## EXERCISE GOAL
Your output should be the lines below from the one holding "A Body Zone" through the one holding "The Linen Lounger", transcribed exactly, with no pictures.

## MATERIAL PROVIDED
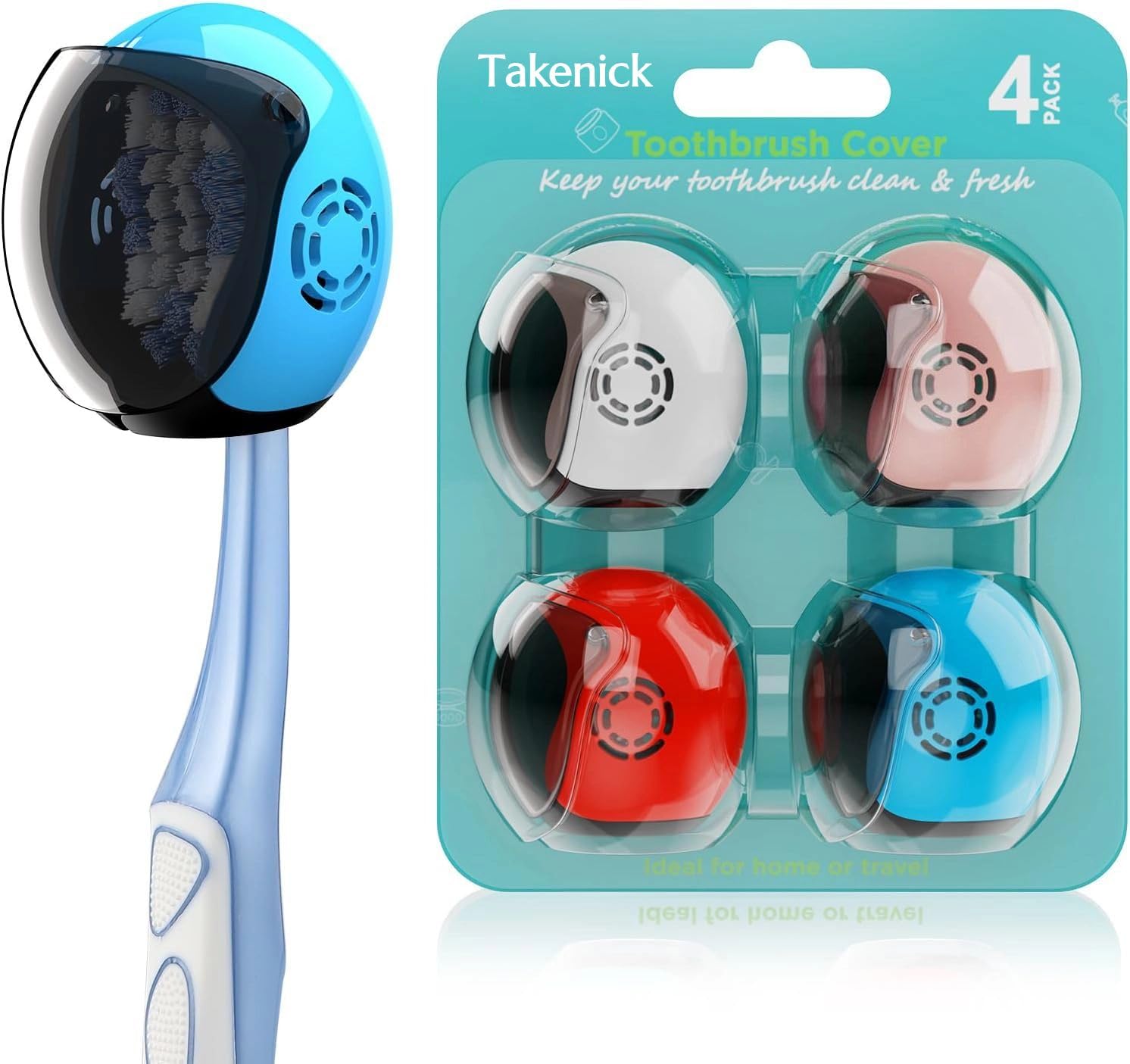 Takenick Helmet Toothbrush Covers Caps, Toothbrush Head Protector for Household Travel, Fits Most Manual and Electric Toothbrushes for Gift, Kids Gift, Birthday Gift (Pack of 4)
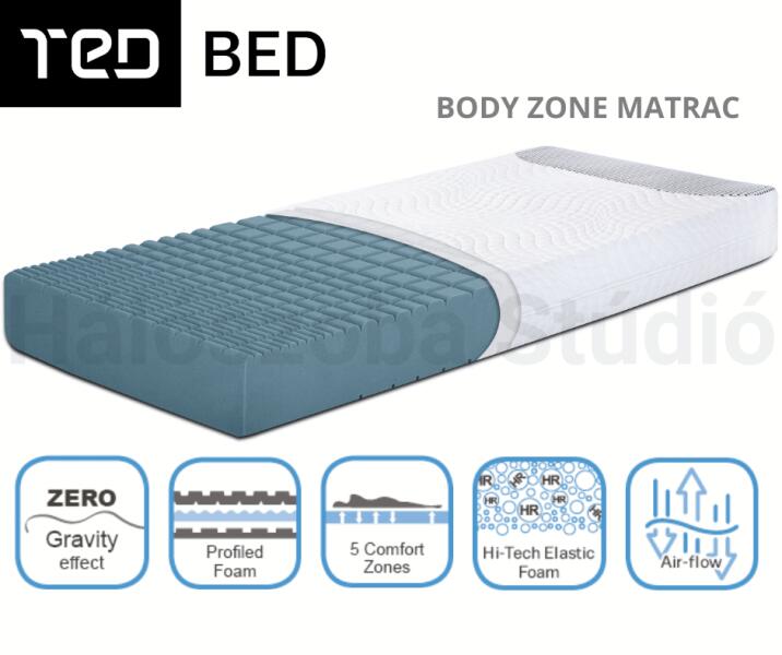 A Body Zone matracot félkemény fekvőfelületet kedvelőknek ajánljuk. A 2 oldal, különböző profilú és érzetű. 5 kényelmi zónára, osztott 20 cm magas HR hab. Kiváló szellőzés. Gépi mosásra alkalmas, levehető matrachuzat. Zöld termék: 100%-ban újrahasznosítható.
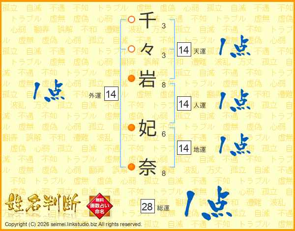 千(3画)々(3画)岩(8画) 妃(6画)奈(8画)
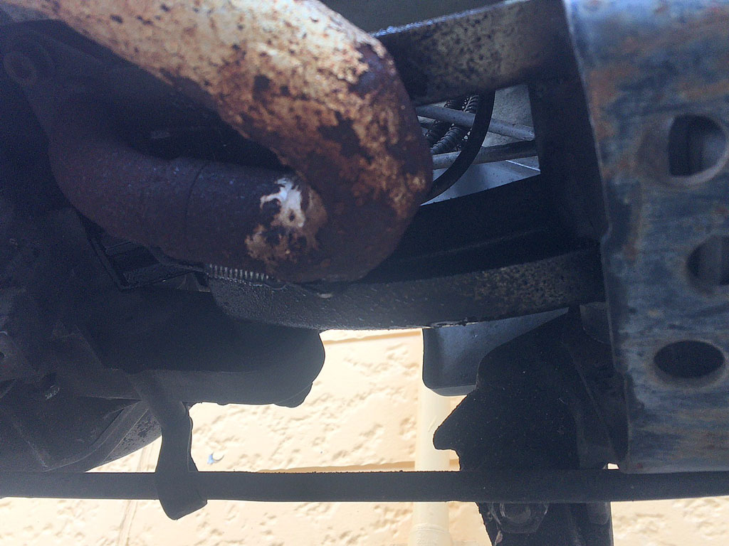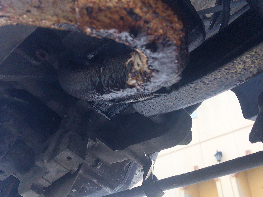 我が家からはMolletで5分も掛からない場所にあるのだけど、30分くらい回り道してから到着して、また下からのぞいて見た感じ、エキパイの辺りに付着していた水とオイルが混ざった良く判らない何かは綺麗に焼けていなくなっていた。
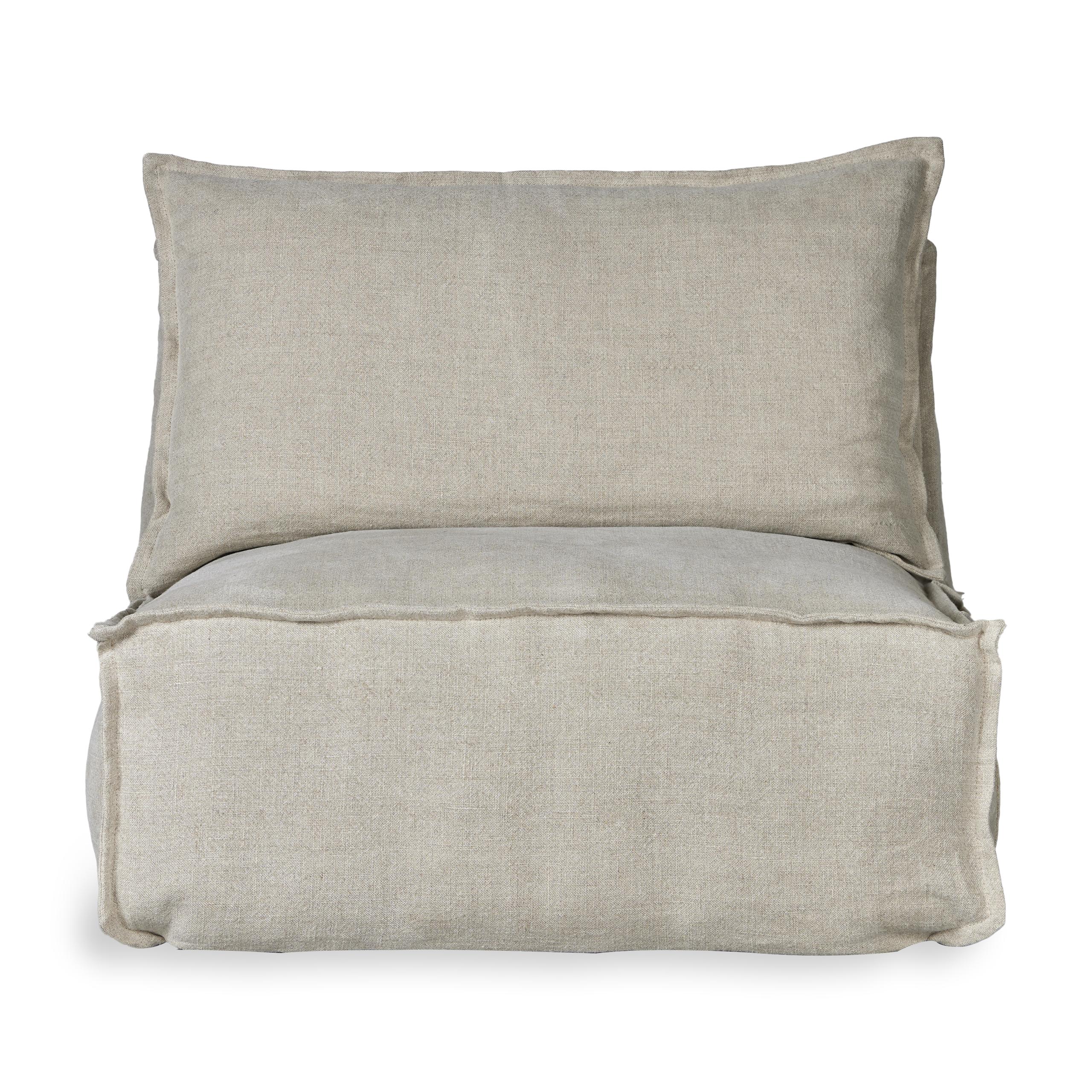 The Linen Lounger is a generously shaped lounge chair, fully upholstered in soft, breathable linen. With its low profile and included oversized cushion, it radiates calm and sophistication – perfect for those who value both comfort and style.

==

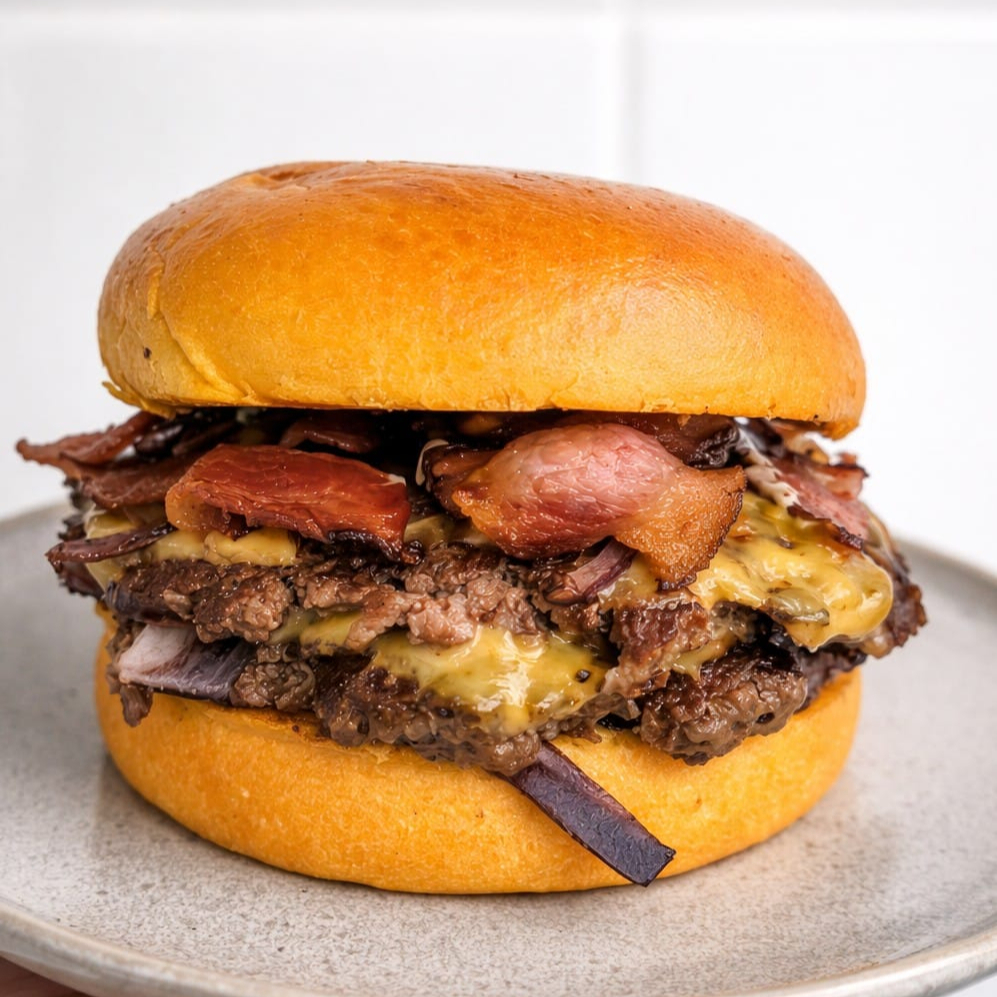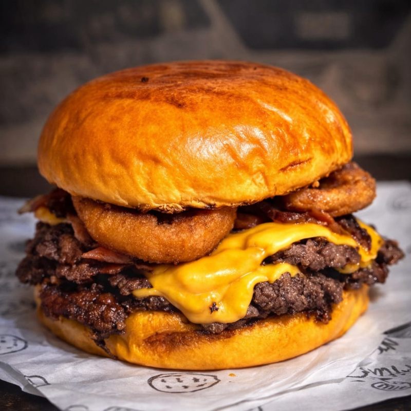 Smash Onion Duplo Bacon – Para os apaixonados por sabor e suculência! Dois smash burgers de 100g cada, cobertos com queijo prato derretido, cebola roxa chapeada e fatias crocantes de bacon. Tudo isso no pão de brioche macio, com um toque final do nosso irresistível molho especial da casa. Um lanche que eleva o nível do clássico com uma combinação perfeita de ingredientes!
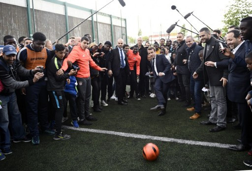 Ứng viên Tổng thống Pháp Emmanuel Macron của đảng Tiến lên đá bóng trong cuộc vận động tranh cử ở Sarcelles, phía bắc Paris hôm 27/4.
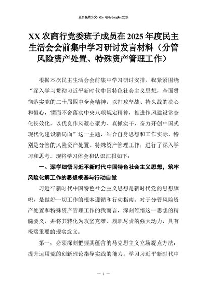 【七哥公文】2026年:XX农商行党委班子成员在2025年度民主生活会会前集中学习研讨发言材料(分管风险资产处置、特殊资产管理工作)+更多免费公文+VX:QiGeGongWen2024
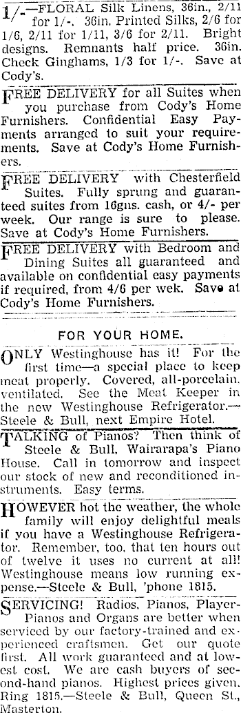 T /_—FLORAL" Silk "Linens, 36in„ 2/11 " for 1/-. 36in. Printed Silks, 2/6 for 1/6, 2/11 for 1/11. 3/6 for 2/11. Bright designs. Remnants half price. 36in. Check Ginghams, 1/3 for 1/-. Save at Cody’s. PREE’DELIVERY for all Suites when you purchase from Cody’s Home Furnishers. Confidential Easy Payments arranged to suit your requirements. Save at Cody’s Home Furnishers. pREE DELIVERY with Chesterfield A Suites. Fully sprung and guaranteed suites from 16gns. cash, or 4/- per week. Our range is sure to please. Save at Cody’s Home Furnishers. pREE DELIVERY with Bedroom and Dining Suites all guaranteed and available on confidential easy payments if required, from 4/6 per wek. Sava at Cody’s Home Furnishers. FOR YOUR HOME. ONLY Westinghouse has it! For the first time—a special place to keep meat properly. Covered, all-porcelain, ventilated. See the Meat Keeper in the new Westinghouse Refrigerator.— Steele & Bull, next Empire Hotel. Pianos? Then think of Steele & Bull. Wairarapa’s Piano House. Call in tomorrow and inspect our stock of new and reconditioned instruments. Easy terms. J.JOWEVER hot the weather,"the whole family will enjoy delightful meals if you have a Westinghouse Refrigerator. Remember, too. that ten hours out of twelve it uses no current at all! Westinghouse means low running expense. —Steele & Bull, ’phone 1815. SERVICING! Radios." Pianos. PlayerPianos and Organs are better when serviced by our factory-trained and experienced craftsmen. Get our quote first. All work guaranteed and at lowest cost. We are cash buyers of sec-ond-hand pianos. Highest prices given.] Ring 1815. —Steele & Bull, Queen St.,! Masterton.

--

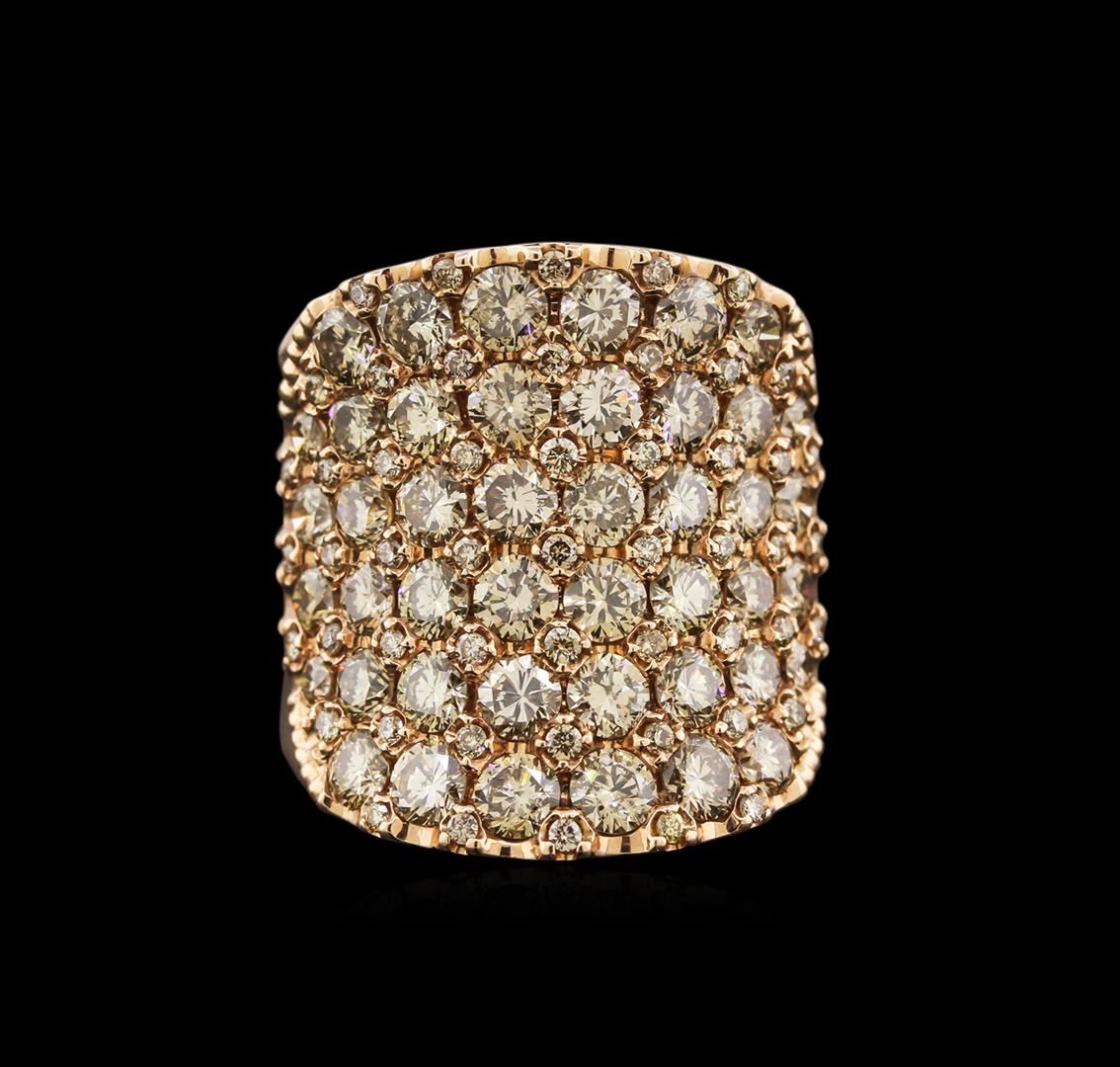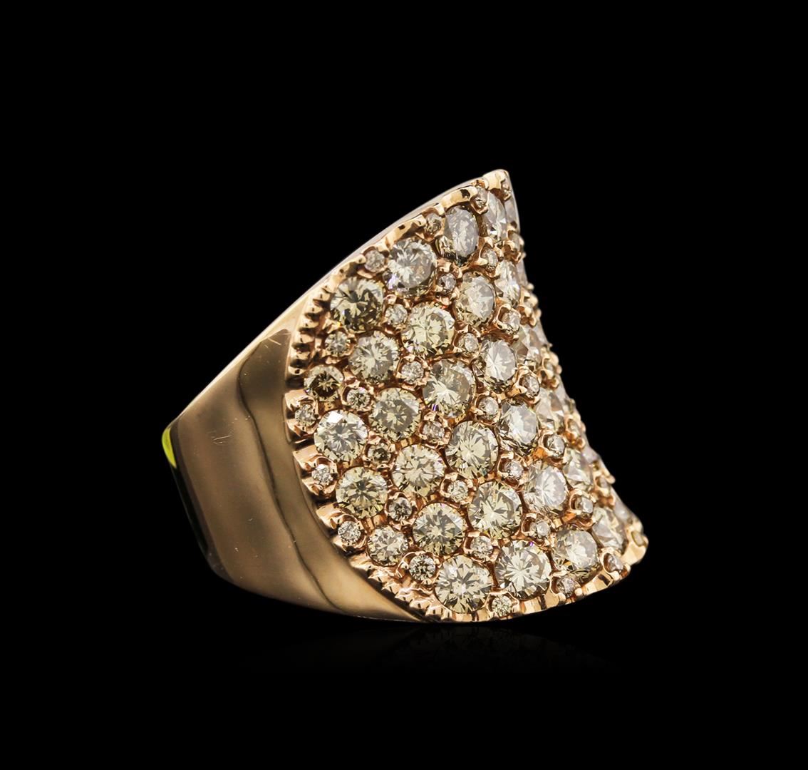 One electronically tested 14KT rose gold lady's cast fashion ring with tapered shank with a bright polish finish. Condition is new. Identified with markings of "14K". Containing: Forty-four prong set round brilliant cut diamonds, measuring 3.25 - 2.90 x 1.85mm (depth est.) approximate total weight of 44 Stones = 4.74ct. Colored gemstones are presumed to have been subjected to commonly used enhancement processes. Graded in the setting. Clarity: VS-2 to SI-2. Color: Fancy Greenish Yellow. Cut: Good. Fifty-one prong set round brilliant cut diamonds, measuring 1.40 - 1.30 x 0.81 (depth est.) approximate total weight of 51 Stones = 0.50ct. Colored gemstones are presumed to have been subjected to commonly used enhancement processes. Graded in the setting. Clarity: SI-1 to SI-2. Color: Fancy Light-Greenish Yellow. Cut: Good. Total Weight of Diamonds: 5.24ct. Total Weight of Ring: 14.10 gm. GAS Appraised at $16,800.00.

## SOLUTION
 A Body Zone matracot félkemény fekvőfelületet kedvelőknek ajánljuk. A 2 oldal, különböző profilú és érzetű. 5 kényelmi zónára, osztott 20 cm magas HR hab. Kiváló szellőzés. Gépi mosásra alkalmas, levehető matrachuzat. Zöld termék: 100%-ban újrahasznosítható.
 千(3画)々(3画)岩(8画) 妃(6画)奈(8画)
 我が家からはMolletで5分も掛からない場所にあるのだけど、30分くらい回り道してから到着して、また下からのぞいて見た感じ、エキパイの辺りに付着していた水とオイルが混ざった良く判らない何かは綺麗に焼けていなくなっていた。
 The Linen Lounger is a generously shaped lounge chair, fully upholstered in soft, breathable linen. With its low profile and included oversized cushion, it radiates calm and sophistication – perfect for those who value both comfort and style.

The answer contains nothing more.